Nach seiner Entscheidung zog der baden-württembergischen Verfassungsschutzes auch eine direkte Konsequenz im Umgang mit der AfD. Präsidentin Beate Bube sagte einen geplanten, nicht öffentlichen Vortrag bei der Partei in Heilbronn ab. Das bestätigte Verfassungsschutz-Sprecher Ilker Vidinlioglu am Freitag. Das "Netzwerk gegen Rechts Heilbronn" hatte zuvor auf die Veranstaltung am 5. Dezember aufmerksam gemacht.

Fachvorträge bei parlamentarischen Parteien seien eigentlich üblich; da der Verfassungsschutz mit der JA nun aber eine Teilorganisation der AfD beobachte, sei ein Vortrag der Behördenpräsidentin nicht weiter möglich. Das geplante Thema wäre "Islamismus und Salafismus" gewesen.

SPD und Grüne kritisierten, dass Bube den Vortrag überhaupt zugesagt hatte. "Eine Präsidentin des Verfassungsschutzes darf sich nicht vor den ideologischen Karren der AfD spannen lassen", so SPD-Fraktionschef Andreas Stoch in einer Mitteilung seiner Fraktion.

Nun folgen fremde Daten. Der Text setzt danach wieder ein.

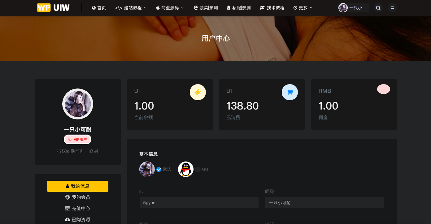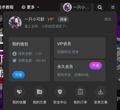 右上角登录后下拉菜单:
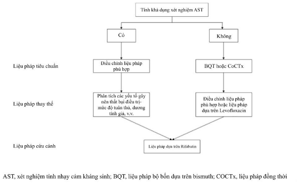Các hướng dẫn hiện hành nhấn mạnh tầm quan trọng của tỷ lệ kháng kháng sinh tại địa phương khi lựa chọn phác đồ điều trị H.pylori phù hợp [4,9,10]. Ở những vùng có tỷ lệ kháng một số loại kháng sinh cao, thành công trong điều trị có thể được cải thiện bằng cách tránh sử dụng những loại kháng sinh đó. Tuy nhiên, dù sự kết hợp kháng sinh mới có thể cải thiện tỷ lệ tiệt trừ, nhưng tình trạng kháng thuốc là không thể tránh khỏi. Chính phủ Đài Loan đã hạn chế việc sử dụng thuốc kháng sinh, hỗ trợ làm giảm tỷ lệ kháng thuốc chính đối với clarithromycin và metronidazole ở H. pylori [18]. Tuy nhiên, tỷ lệ kháng levofloxacin đã tăng từ 4,9% trong năm 2000–2007 lên 13,4% trong năm 2011–2012 [18]. Ngoài ra, việc sử dụng nhiều loại thuốc kháng sinh làm tăng nguy cơ xảy ra biến chứng [4]. Chính vì vậy, kết quả của thử nghiệm tính nhạy cảm kháng khuẩn (AST) đóng vai trò vô cùng quan trọng trong việc đưa ra phác đồ tiệt trừ H. pylori tối ưu. Tuy nhiên, khả năng âm tính giả và khả năng áp dụng trong tất cả các cơ sở y tế là những vấn đề còn tồn đọng [19,20]. Chúng tôi đã xem xét các phác đồ kháng H.pylori quan trọng nhất, giúp khắc phục tình trạng kháng kháng sinh và các chiến lược có thể áp dụng trong thực tế.

Grüne, CDU, SPD und FDP begrüßen JA-Beobachtung

Zuvor hatten bereits mehrere Politiker auf die Mitteilung des Verfassungsschutzes reagiert. Innenminister Thomas Strobl (CDU) begrüßte den Schritt der Verfassungshüter. "Nach der fachlichen Bewertung des Verfassungsschutzes liegen tatsächliche Anhaltspunkte für Bestrebungen gegen die freiheitliche demokratische Grundordnung vor", teilte Strobl am Freitag mit. "Daher musste jetzt gehandelt werden." Die Bürger könnten sich darauf verlassen, dass der Staat extremistischen Bestrebungen nicht tatenlos zusehe.

Der Sprecher für Strategien gegen Rechtsextremismus der Grünen-Landtagsfraktion, Alexander Maier, bezeichnete die Beobachtung als richtigen Schritt. "Die AfD steht mit einem Bein im braunen Sumpf", teilte Maier mit. Der Vorsitzende der SPD-Landtagsfraktion, Andreas Stoch, bezeichnete die Beobachtung als wichtig und richtig. Auch die Jusos begrüßten das. Der rechtspolitische Sprecher der FDP-Fraktion, Nico Weinmann, bezeichnete die Beobachtung ebenfalls als richtig.